Задолго до знакомства с Юлией, зимой, темным будничным вечером, по такой же пахнувшей картофельными очистками лестнице я поднимался к себе домой, вернее, в квартиру жены, где мы жили втроем – я, жена и теща. Только дом был постройки не конца девятнадцатого века, а второй половины двадцатого – крупноблочный, серый, бетонный, времен правления Никиты Хрущева и прозванный в народе за безобразный свой вид хрущобным. Я шел по переходной площадке, трогая рукой перила, и неожиданно со звуком скрежетавшего потока воды – работа сливного бачка в уборной (звук проник на лестничную клетку сквозь проем отворенной этажом ниже квартирной двери), – с этим обычным бытовым звуком мне открылась сущность утробы этого многоэтажного дома, зыбкость его стен и дверей. За ними в одинаковых неудобных квартирах ходило, сидело, лежало великое множество одинаковых, забывших о молодости и о том, что есть великое и прекрасное, мужчин в одинаковых линялых пижамах и трикотажных спортивных костюмах и одинаковых, навсегда утративших свежесть и тоже забывших о том, что есть великое и прекрасное, женщин в одинаковых кожаных тапочках на босую ступню и в одинаковых фланелевых халатах – нижняя пуговица не застегнута, задубевшая грязно-оранжевая пятка ужасна, оскорбительна для зрения!.. В одинаковых уборных над одинаковыми унитазами одинаково журчала в сливных бачках вода. Одинаково кричали, смеялись, ссорились, плакали, бесились дети, рожденные для того, чтобы спустя три десятка лет иметь такие же лысые головы, глаза, лишенные блеска, и грязно-оранжевые пятки. Носить такие же пижамы и халаты. Стать наконец не отличимыми от своих родителей, которые к тому времени сделаются не отличимыми от сегодняшних стариков и старух, которые в свою очередь перекочуют за черту города на обширные, но тесные кладбища в те самые могилы, из которых – место дорого! – прочный с коваными зубами ковш экскаватора, управляемого усталым и с похмелья безразличным ко всему воздвигнутому вокруг него мирозданию работягой, понимающим в этот момент, что и его ждет такая же участь, извлечет обломки костей тех, кто жил семь десятков лет назад… Одинаково всё одно и то же вещали примитивные телевизоры, и на газовых плитах жарились, шипя и отплевываясь горячим маслом, яичницы из миллионов одинаковых яиц. А потом, когда опускалась тьма ночи, и куранты со Спасской
«В поте лица своего! Покуда не возвратишься в землю!»
Быт.
Ради рта жующего!
Все это вдруг выросло в моем воображении до масштаба космического.

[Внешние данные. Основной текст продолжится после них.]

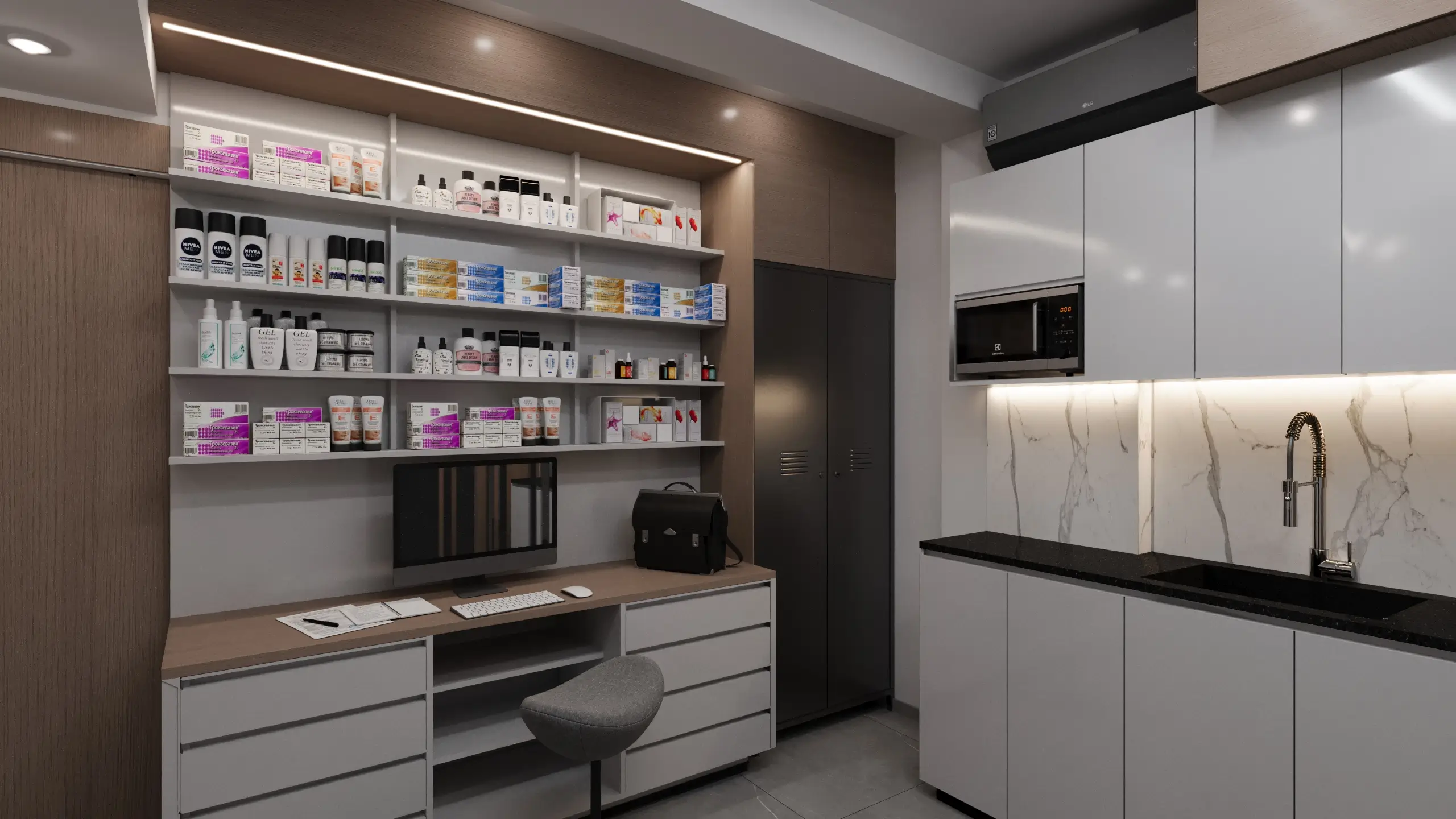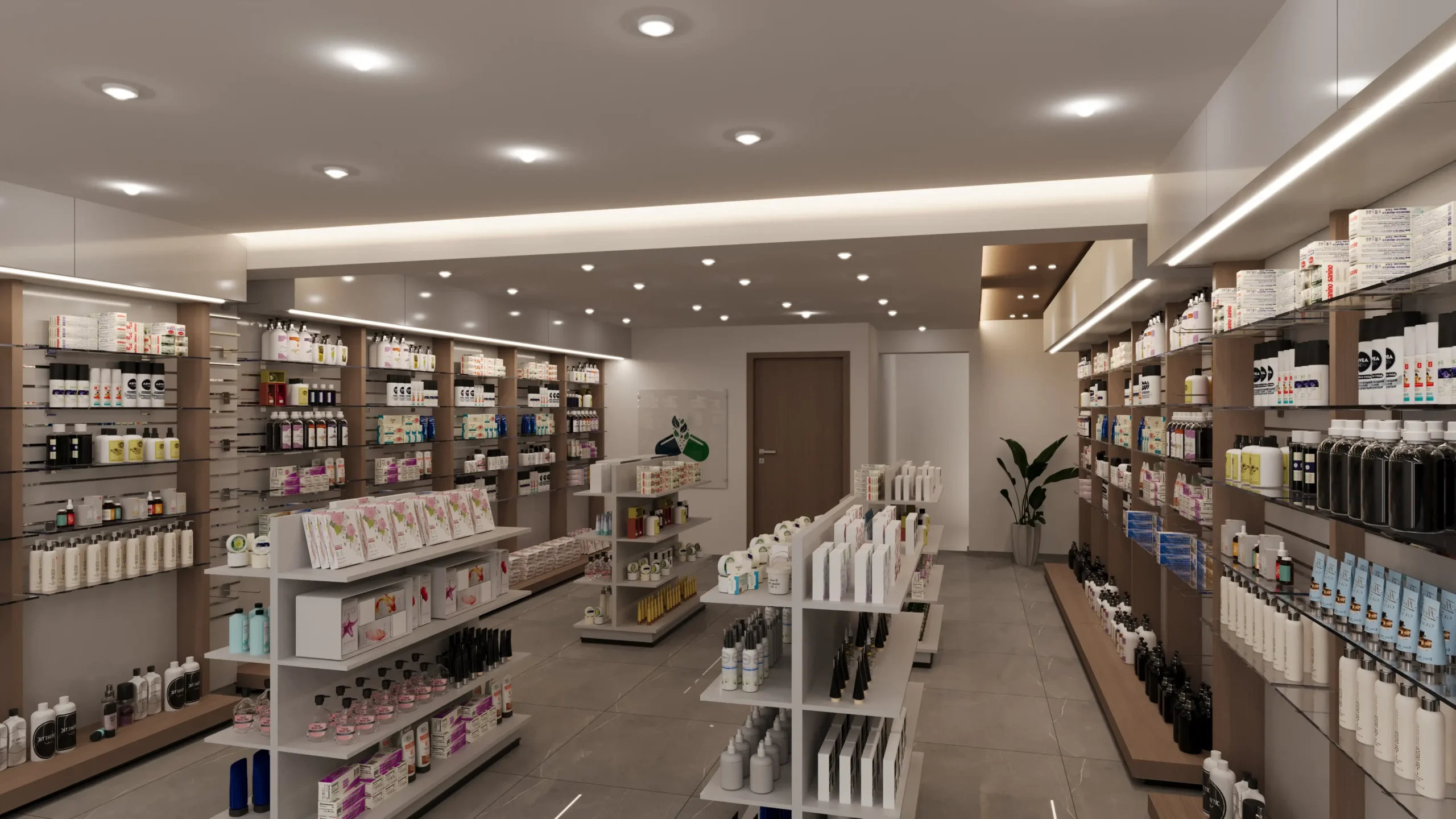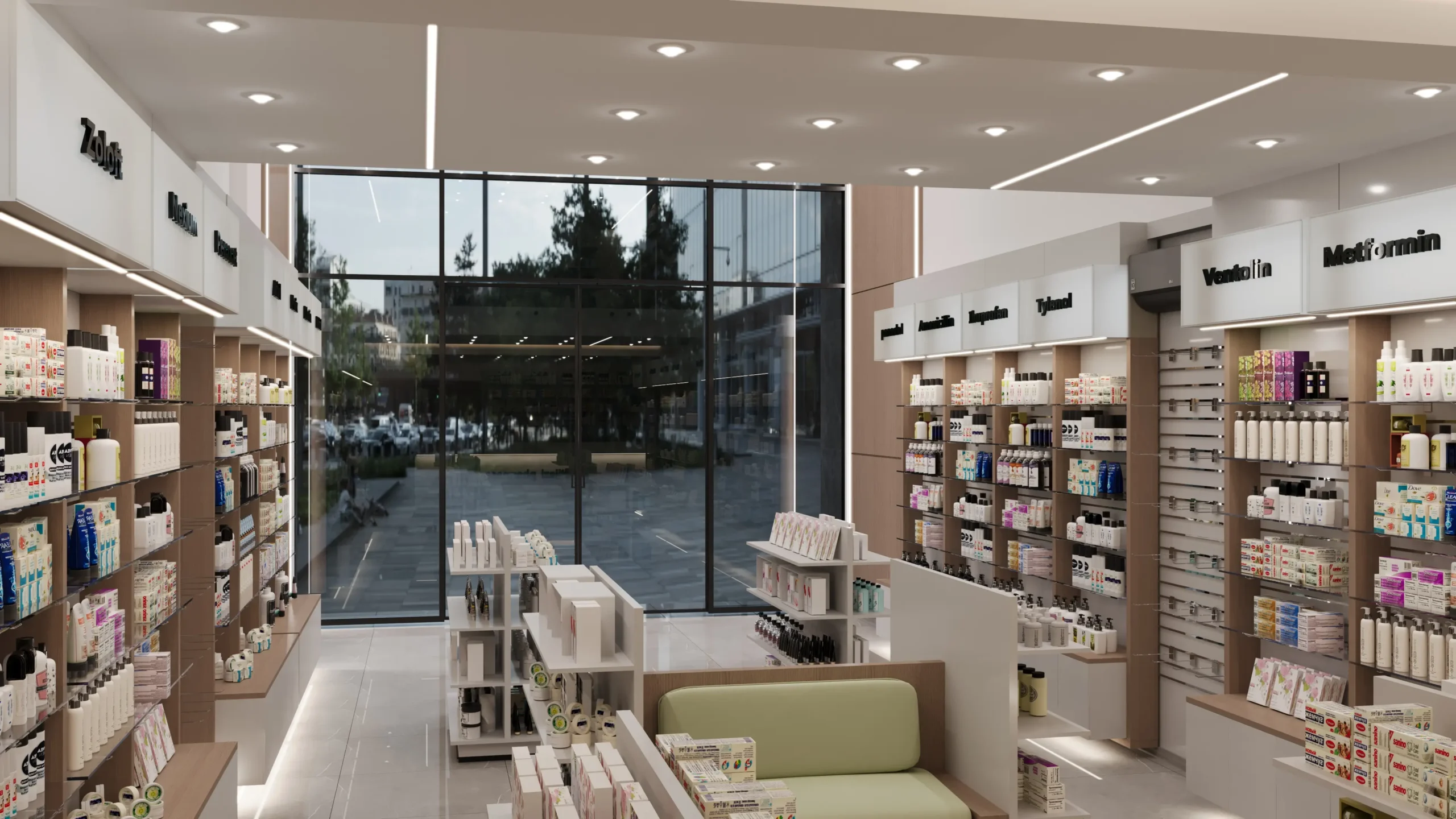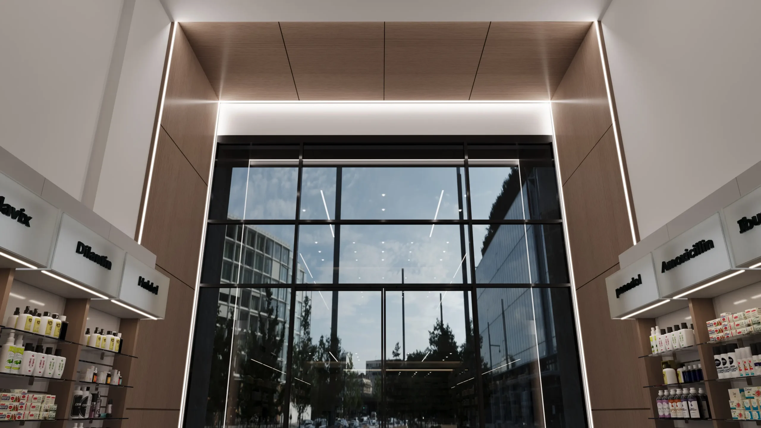 We designed this modern pharmacy to redefine the retail healthcare experience. The spatial planning and thoughtful layouts create a welcoming atmosphere that promotes well-being and trust. By blending natural wood accents with clean architectural lines and abundant lighting, the design palette aims to reduce stress and foster a sense of calm, ensuring every visit is both comfortable and reassuring. This is a space where care and comfort are paramount, influencing a positive emotional connection with every customer.

И я на той затхлой безликой лестнице, одинаковой со всеми остальными такими же безликими бетонными лестницами в этих неисчислимых скорбных домах, поклялся, что я такой жизнью жить не буду.
Да и зачем тогда жизнь, если единственное и неповторимое среди всех народов и в бездонной перспективе столетий лицо твое расплывется, растворится в миллиардном множестве других лиц, а потом навсегда сгинет, став бесформенным прахом? Зачем оно тогда, единственное и неповторимое, было тебе дано? Для тщеславия? Для возможности быть любимым? Чтобы каждой твари по паре? Это вопрос вопросов. Это, быть может, камень преткновения!
То, что вдруг так мгновенно и незримо пронзило меня, словно смертельная атомная радиация, когда моя нога в темноте отыскивала опору, был испуг. И сейчас же он прошел. Но в этот момент я успел понять, что ухожу я сейчас не от Юлии и не из этого дома, а от чего-то иного, сильного и опасного для меня, что существовало еще до Юлии, до этого дома, и что как раз именно с помощью Юлии и с помощью этого дома должно было быть побеждено.
4. На набережной
Я вышел во двор, и мне стало легче.
«Хорошо, что обошлось без упреков!» – подумал я, заворачивая из-под арки на освещенную фонарями улицу.
Судьбы разошлись.
Я не любил Юлию.
И дело не в том, что Юлии было сорок лет. Я не смог бы полюбить ее и тогда, когда ей было двадцать. Хотя представляю, как совершенна, как притягательна она была в двадцать, какие тесные стаи мужчин кружили вокруг нее, сколько восторженных взглядов в театре, на улице, в транспорте было остановлено на ней, измерило ее и оценило!
Но я не смог бы полюбить ее даже такую.
Я шел широким сильным шагом, лавируя между прохожими, обгоняя тех, что шли со мной в одном направлении. Что-то торопилось во мне, спешило, подстегивало меня. Я видел впереди перекресток, и мне казалось – я уже на перекрестке; в конце улицы светилась площадь, и, глядя на ее удаленный свет, я испытывал мучение оттого, что еще не достиг ее. Как будто часть моего «Я» нетерпеливо опережала меня.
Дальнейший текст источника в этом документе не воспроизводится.